Totempole was never hidden or secret, never banned in Boston.The Dutton hardcover was followed by a mass-market Signet paperback that went through several printings, and in 1984 the book was republished by North Point Press, an imprint of Farrar Straus & Giroux. It was widely reviewed. Still somehow it flew under the fame radar. Novelist Peter Cameron begins his afterword by asking, “How could it be that I never heard of Sanford Friedman’s amazing novel Totempole? … that I, a gay man of a certain age, who spent the first half my life covertly reading any novel that was rumored to have something – anything – to do with homosexuality … how is it possible that until very recently Totempole had entirely escaped my attention?”

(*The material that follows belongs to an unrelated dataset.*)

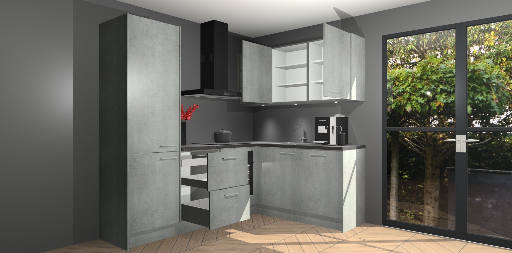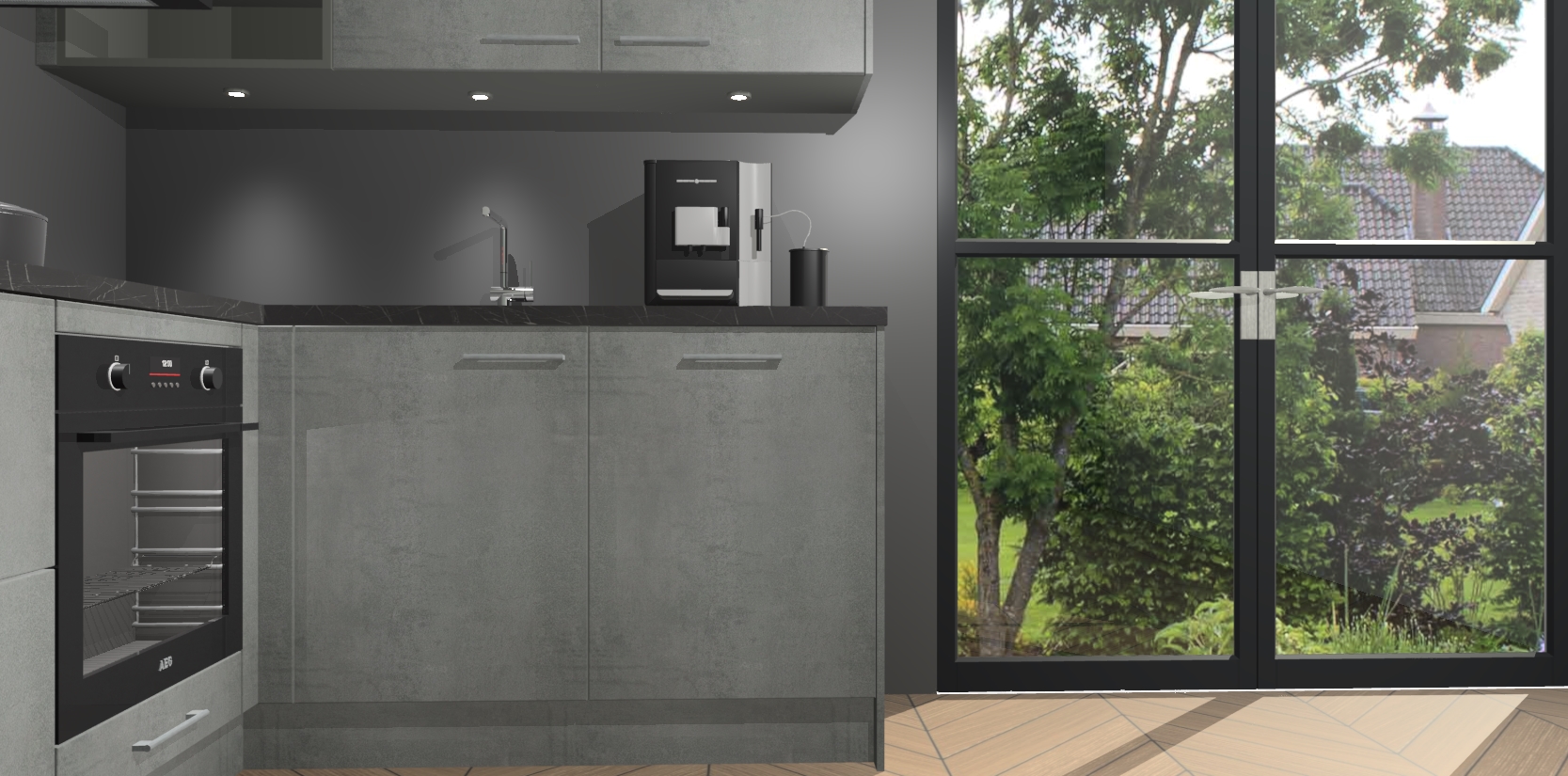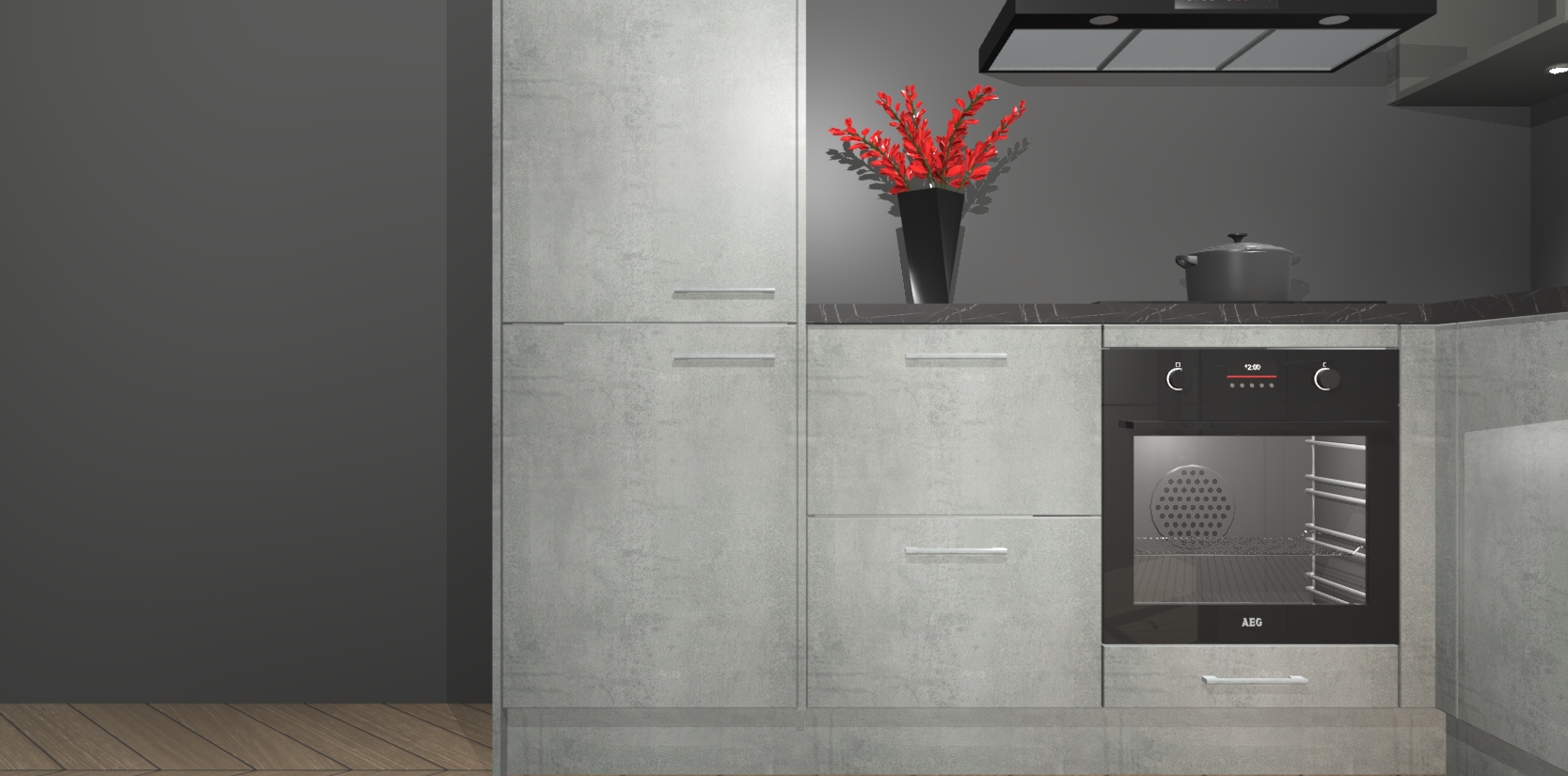 Wauw, dit is de Beton Parelgrijs keuken Pilsen! U kunt gerust zeggen dat u elegantie combineert met functionaliteit met deze keuken. Met een modern en chique ontwerp is de keuken precies wat u nodig heeft om uw ruimte te verfraaien. De binnenzijde van de kasten is in dezelfde donkere kleur als de buitenzijde voor een uniforme look, compleet met softclose-kasten die stil sluiten.
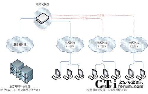 河北博岳呼叫中心職場分為1個中心職場和2個分部,之間相隔幾公里至幾十公里,以VoIP通路連接,所有職場統(tǒng)一管理,最大程度的適應(yīng)了呼叫中心建設(shè)的個性化需求,同時,這種布局還大大降低了租用場地的成本,也方便話務(wù)員就近上班。

Perhaps it was viewed as a specialized book with a limited audience, like a western or a book about dogs – a book for “those people.” It probably would not have been Hollywood material, nor can one imagine a high-profile book tour or series of appearances on television or radio. A lot of people would have wanted to screw up their faces and look away. In the New York Times Book Review, reviewer Webster Schott wrote, “The explicit homosexual novel can now be published in the United States. What has freedom wrought?” The book itself he dismisses as “a maudlin hash…a pretty good report on genteel deviant behavior.”

Cameron’s afterword is thorough and perceptive. Possibly he is better equipped to assess and analyze the book than one who had “lived against” the author. Totempole is intense and richly readable, and to me its portrayal of middle-class Jewish life in the Depression, and of a family fairly exploding with internal tension, is no less compelling than the sexual theme. It is all about fear and longing, the impulse to draw apart, and the contrary need to “only connect” and survive as a realized human being.